▶ THE DATA
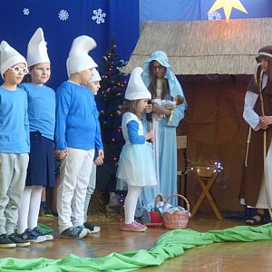 W przedstawieniu wzięli uczniowie klas I-VIII oraz przedszkolaki, które zaśpiewały "Bosego pastuszka". Jasełka wprowadziły publiczność w świat baśni, a jednocześnie przeniosły do Betlejem, do miejsca, w którym narodził się Jezus. Do żłóbka przyszły postacie z bajek, tj. Dziewczynka z zapałkami, Jaś i Małgosia, Pinokio, Czerwony Kapturek, Smerfy, Pszczółka Maja, Sierotka Marysia i Kopciuszek.
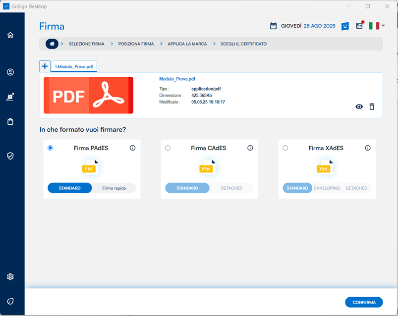 Successivamente, sarà possibile scegliere la tipologia di firma con cui firmare e, una volta selezionata, un click su Conferma porterà al passaggio successivo.
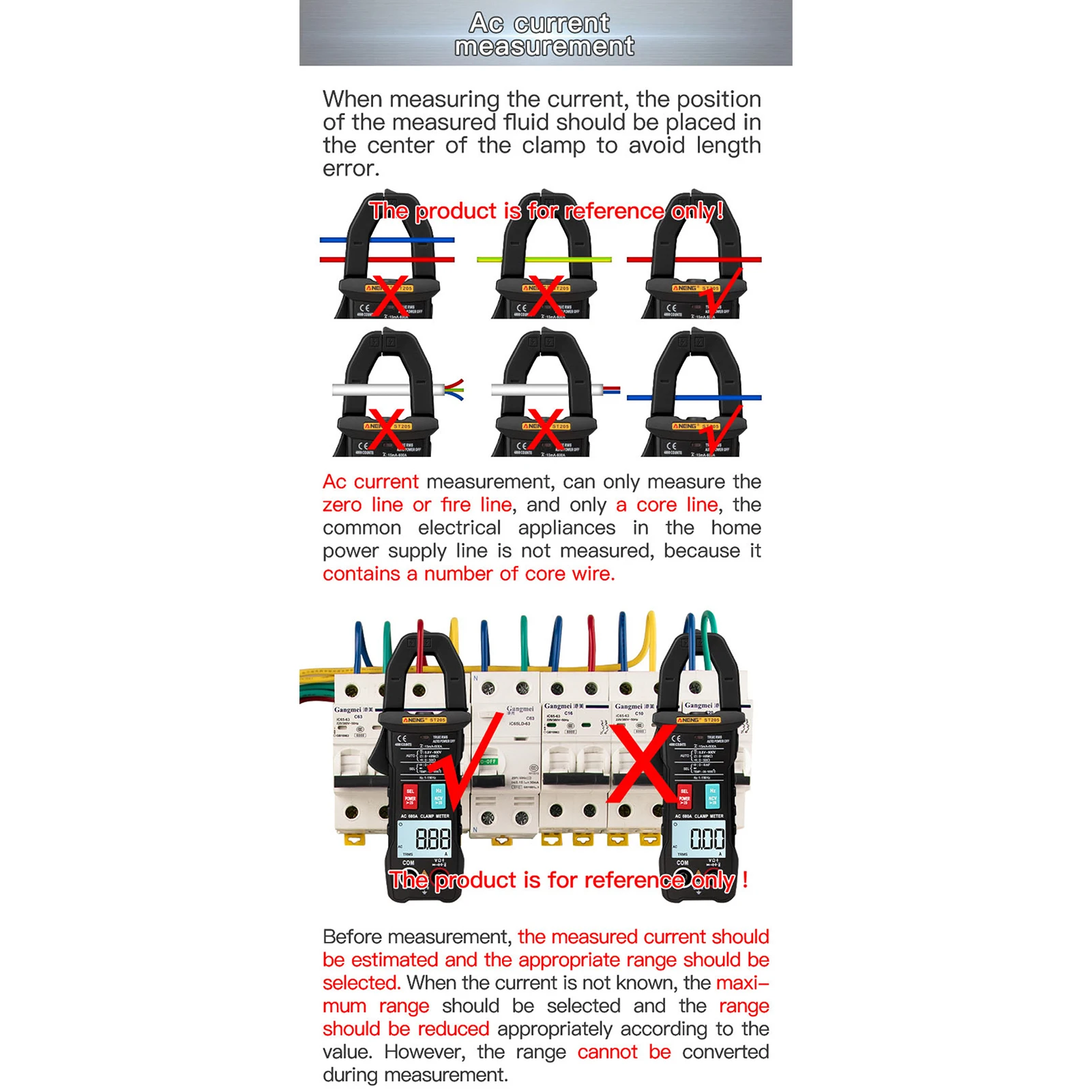 Особенности: Многофункциональный Клещи: Он имеет функции тестирования напряжения, тока, сопротивления, емкости, частоты, диода, линии ВКЛ-ВЫКЛ, идентификации напряжения в режиме реального времени, Уровень безопасности: Соответствует стандарту перенапряжения CAT II 600V, уровень II загрязнения, двойная защита изоляции и защита от перегрузки по всему диапазону. Интеллектуальное Измерение тока переменного/постоянного тока: автоматические и ручные режимы для измерения электрического тока. Функция удержания данных: удобно для наблюдения или записи данных. Бесконтактное Обнаружение напряжения NCV: Получите датчик рядом с кабелем, который будет обнаружен, затем звуковой сигнал будет оповещаться, и светильник NCV будет мигать, когда он обнаруживает напряжение переменного тока. Автоматическое выключение: если в течение 15 минут нет работы, прибор автоматически отключится для экономии энергии батареи. Дополнительные характеристики: 6000 подсчитывает ЖК-дисплей, фонарик, индикацию низкого заряда батареи и т. д. Компактный и портативный: удобный для использования одной рукой при измерении, более быстрый и легкий в использовании. Широкий спектр применения: Идеально подходит для домашнего и профессионального использования, автомобильных, домашних и промышленных электрических устранения неполадок. Характеристики: Диапазон переменного тока: 60A/400A Диапазон тока постоянного тока: 60A/400A Диапазон напряжения постоянного тока: 600 В/600 мВ Диапазон напряжения переменного тока: 600 В/600 мВ Сопротивление: 600Ω/6k Ω/60k Ω/600k Ω/6M Ω/60MΩ Емкость: 60nF/600nF/6 мкФ/60 мкФ/600 мкФ/6mF/60mF Температура: -40 ~ 1000 ℃, -40 ~ 1832 ℃ Частота: 60 Гц/1000 Гц Цвет: черный/красный (на выбор) Материал: АБС-пластик Дисплей: ЖК-дисплей Макс. Значение дисплея: 6000 цифр Время выборки: около 3 раз/секунду, барграф 10 раз/секунду Автоматическое выключение: 15 минут Рабочая температура: 18 ~ 28 ℃ Температура хранения: -10 ~ 50 ℃ Рабочая высота: макс. 2000 м Питание: 2*1,5 V элемент питания AAА (в комплект не входит) Размер изделия: 182*62,1*33,4 мм/7,17*2,44*1,31 дюймов Вес изделия: 150 г/5,29 унций Вес посылка: 272 г/9,59 унций Посылка Размеры: 21,7*8,5*4,5 см/8,54*3,35 * 1.77in Упаковочный лист: 1 * измеритель зажима 1 * Тестовый свинец 1 * термопара типа K 1 * Руководство (на английском языке)

▶ YOUR TASK
Copy out all the data without changing anything, and drop the pictures.

▶ EXERCISE ANSWER
 W przedstawieniu wzięli uczniowie klas I-VIII oraz przedszkolaki, które zaśpiewały "Bosego pastuszka". Jasełka wprowadziły publiczność w świat baśni, a jednocześnie przeniosły do Betlejem, do miejsca, w którym narodził się Jezus. Do żłóbka przyszły postacie z bajek, tj. Dziewczynka z zapałkami, Jaś i Małgosia, Pinokio, Czerwony Kapturek, Smerfy, Pszczółka Maja, Sierotka Marysia i Kopciuszek.
 Successivamente, sarà possibile scegliere la tipologia di firma con cui firmare e, una volta selezionata, un click su Conferma porterà al passaggio successivo.
 Особенности: Многофункциональный Клещи: Он имеет функции тестирования напряжения, тока, сопротивления, емкости, частоты, диода, линии ВКЛ-ВЫКЛ, идентификации напряжения в режиме реального времени, Уровень безопасности: Соответствует стандарту перенапряжения CAT II 600V, уровень II загрязнения, двойная защита изоляции и защита от перегрузки по всему диапазону. Интеллектуальное Измерение тока переменного/постоянного тока: автоматические и ручные режимы для измерения электрического тока. Функция удержания данных: удобно для наблюдения или записи данных. Бесконтактное Обнаружение напряжения NCV: Получите датчик рядом с кабелем, который будет обнаружен, затем звуковой сигнал будет оповещаться, и светильник NCV будет мигать, когда он обнаруживает напряжение переменного тока. Автоматическое выключение: если в течение 15 минут нет работы, прибор автоматически отключится для экономии энергии батареи. Дополнительные характеристики: 6000 подсчитывает ЖК-дисплей, фонарик, индикацию низкого заряда батареи и т. д. Компактный и портативный: удобный для использования одной рукой при измерении, более быстрый и легкий в использовании. Широкий спектр применения: Идеально подходит для домашнего и профессионального использования, автомобильных, домашних и промышленных электрических устранения неполадок. Характеристики: Диапазон переменного тока: 60A/400A Диапазон тока постоянного тока: 60A/400A Диапазон напряжения постоянного тока: 600 В/600 мВ Диапазон напряжения переменного тока: 600 В/600 мВ Сопротивление: 600Ω/6k Ω/60k Ω/600k Ω/6M Ω/60MΩ Емкость: 60nF/600nF/6 мкФ/60 мкФ/600 мкФ/6mF/60mF Температура: -40 ~ 1000 ℃, -40 ~ 1832 ℃ Частота: 60 Гц/1000 Гц Цвет: черный/красный (на выбор) Материал: АБС-пластик Дисплей: ЖК-дисплей Макс. Значение дисплея: 6000 цифр Время выборки: около 3 раз/секунду, барграф 10 раз/секунду Автоматическое выключение: 15 минут Рабочая температура: 18 ~ 28 ℃ Температура хранения: -10 ~ 50 ℃ Рабочая высота: макс. 2000 м Питание: 2*1,5 V элемент питания AAА (в комплект не входит) Размер изделия: 182*62,1*33,4 мм/7,17*2,44*1,31 дюймов Вес изделия: 150 г/5,29 унций Вес посылка: 272 г/9,59 унций Посылка Размеры: 21,7*8,5*4,5 см/8,54*3,35 * 1.77in Упаковочный лист: 1 * измеритель зажима 1 * Тестовый свинец 1 * термопара типа K 1 * Руководство (на английском языке)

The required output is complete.